In connection with past financing activity, we have issued convertible preferred stock and warrants to purchase our common stock. The exercise of some or all of the outstanding warrants to purchase our common stock or the conversion of some or all of the outstanding Series A Preferred Stock may dilute the ownership interests of our shareholders. Any sales of our common stock issuable upon the exercise of the warrants or conversion of the Series A Preferred Stock could adversely affect prevailing market prices of our common stock. In addition, the anticipated exercise of the warrants or conversion of the Series A Preferred Stock could depress the price of our common stock, which in turn may result in the value of our common stock declining significantly.

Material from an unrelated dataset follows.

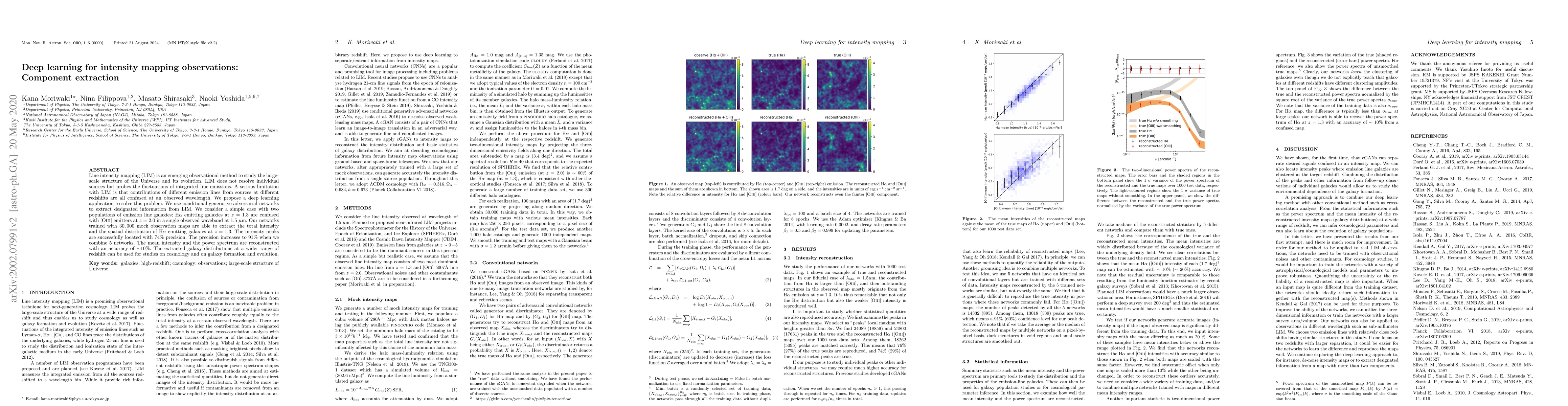 Line intensity mapping (LIM) is an emerging observational method to study the large-scale structure of the Universe and its evolution. LIM does not resolve individual sources but probes the fluctuations of integrated line emissions. A serious limitation with LIM is that contributions of different emission lines from sources at different redshifts are all confused at an observed wavelength. We propose a deep learning application to solve this problem. We use conditional generative adversarial networks to extract designated information from LIM. We consider a simple case with two populations of emission line galaxies; H$\rm\alpha$ emitting galaxies at $z = 1.3$ are confused with [OIII] emitters at $z = 2.0$ in a single observed waveband at 1.5 $\rm\mu$m. Our networks trained with 30,000 mock observation maps are able to extract the total intensity and the spatial distribution of H$\rm\alpha$ emitting galaxies at $z = 1.3$. The intensity peaks are successfully located with 74% precision. The precision increases to 91% when we combine the results of 5 networks. The mean intensity and the power spectrum are reconstructed with an accuracy of $\sim$10%. The extracted galaxy distributions at a wider range of redshift can be used for studies on cosmology and on galaxy formation and evolution.

We have never paid dividends on our common stock, and we do not anticipate paying any cash dividends in the foreseeable future.

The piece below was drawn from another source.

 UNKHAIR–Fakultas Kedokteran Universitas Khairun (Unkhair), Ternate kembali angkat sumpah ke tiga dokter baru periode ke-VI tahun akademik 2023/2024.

We have never declared or paid dividends on our common stock, nor do we anticipate paying any cash dividends for the foreseeable future. We currently intend to retain future earnings, if any, to finance the operations and expansion of our business. Any future determination to pay cash dividends will be at the discretion of our Board of Directors and will be dependent upon our earnings, financial condition, operating results, capital requirements, a capital structure strategy and other factors as deemed necessary by our Board of Directors.
The elimination of monetary liability against our directors under Delaware law and the existence of indemnification rights held by our directors and officers may result in substantial expenditures by the Company and may discourage lawsuits against our directors and officers.
Our Certificate of Incorporation eliminates the personal liability of our directors to the Company and our shareholders for damages for breach of fiduciary duty as a director to the extent permissible under Delaware law. Further, our Bylaws provide that we are obligated to indemnify any of our directors or officers to the fullest extent authorized by Delaware law and, subject to certain conditions, advance the expenses incurred by any director or officer in defending any action, suit or proceeding prior to its final disposition. Those indemnification obligations could result in the Company incurring substantial expenditures to cover the cost of settlement or damage awards against our directors or officers, which we may be unable to recoup. These provisions and resultant costs may also discourage us from bringing a lawsuit against any of our current or former directors or officers for breaches of their fiduciary duties, and may similarly discourage the filing of derivative litigation by our shareholders against our directors and officers even though such actions, if successful, might otherwise benefit us or our shareholders.